Yea I'm on gingeritis 3d beta 6. Any way to change this you know?

Sent from my thunderbolt using my f***King thumbs


----------



## Nefariouss (Jul 16, 2011)

No way to do it as far as I know.


----------



## Ricky Babalu (Jul 23, 2011)

I got tired of using photoshop to fix my wallpapers. Now I use an app called "Wizardrii" in the market, it does the work for you.


----------



## sonami (Jul 16, 2011)

"Ricky Babalu said:


> I got tired of using photoshop to fix my wallpapers. Now I use an app called "Wizardrii" in the market, it does the work for you.


Word, ill check it out

Sent from my thunderbolt using my f***King thumbs


----------



## sonami (Jul 16, 2011)

Whh, doesn't really work any different. Crop scrolling is the closest the stretch tovfit as you can get, but it still crops part and blows it up, I want to be able to resize the photos to future the screen the way it should do. I guess ill have to Photoshop them

Sent from my thunderbolt using my f***King thumbs


----------



## JsinLegacy (Jun 7, 2011)

Nefariouss said:


> I know on Gingeritis3D the wallpaper doesn't scroll as my homescreens do.

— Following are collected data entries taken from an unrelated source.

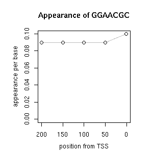 | GO ID | term | -Log(p) | number of {A; genes in a GO} | numver of {B; genes with this heptamer} | {A} x {B} |
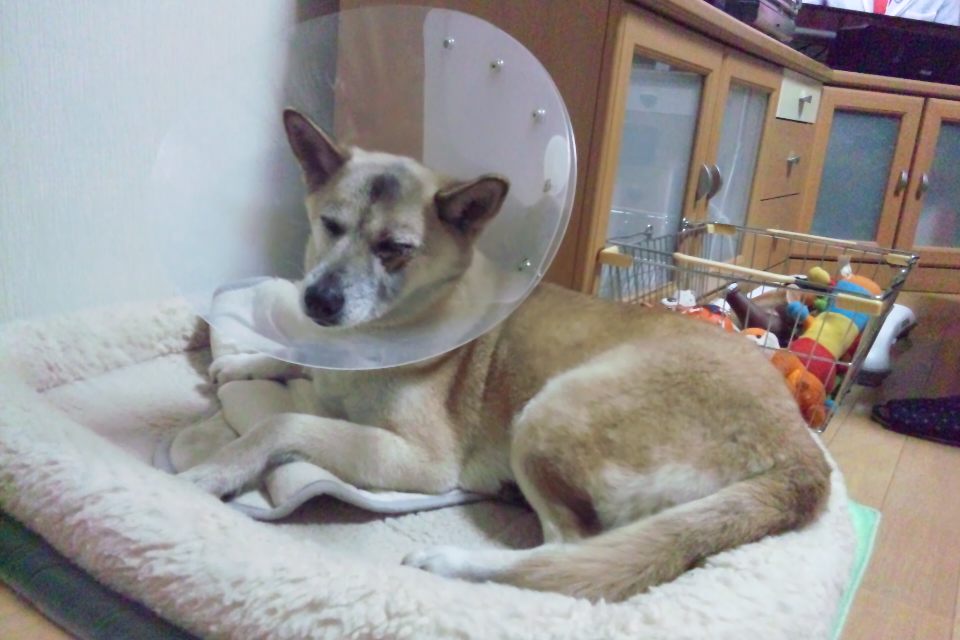 残る心配事は縫った部分を後ろ足で掻かないように見張ってるだけ。
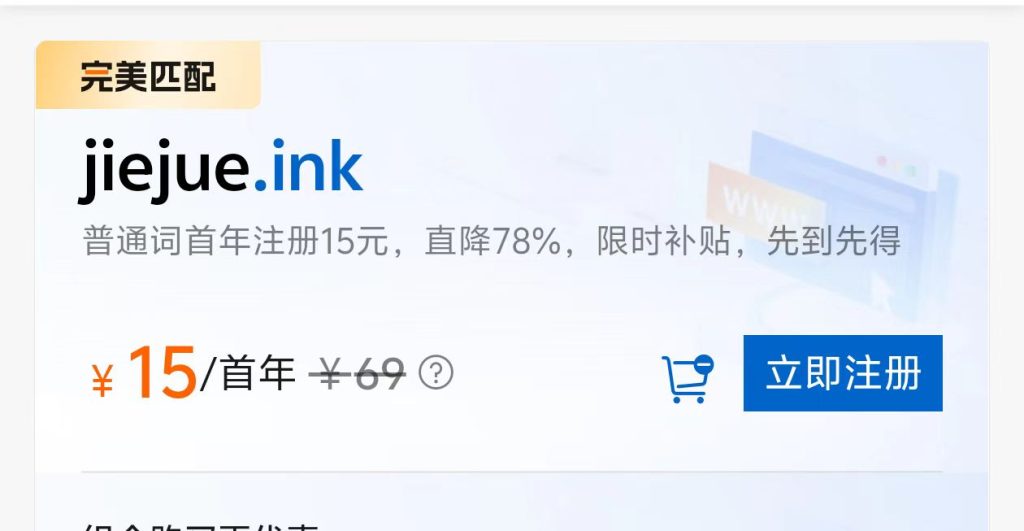 9月20日09:16 选购网站域名,成功购买jiejue.ink域名
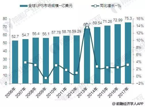 圖1 2006-2017年全球UPS市場(chǎng)規(guī)模走勢(shì)圖(單位:億美元,%)

Because of this I can only choose a portion of the wallpaper. My guess is the same thing for you.


do they have ADW Launcher as their main launcher... if so go into ADW settings > General Behavior > Animations & Effects > check Wallpaper Scrolling


----------



## Nefariouss (Jul 16, 2011)

JsinLegacy said:


> do they have ADW Launcher as their main launcher... if so go into ADW settings > General Behavior > Animations & Effects > check Wallpaper Scrolling


It's a sense based rom. So ADW isn't on there by default.


----------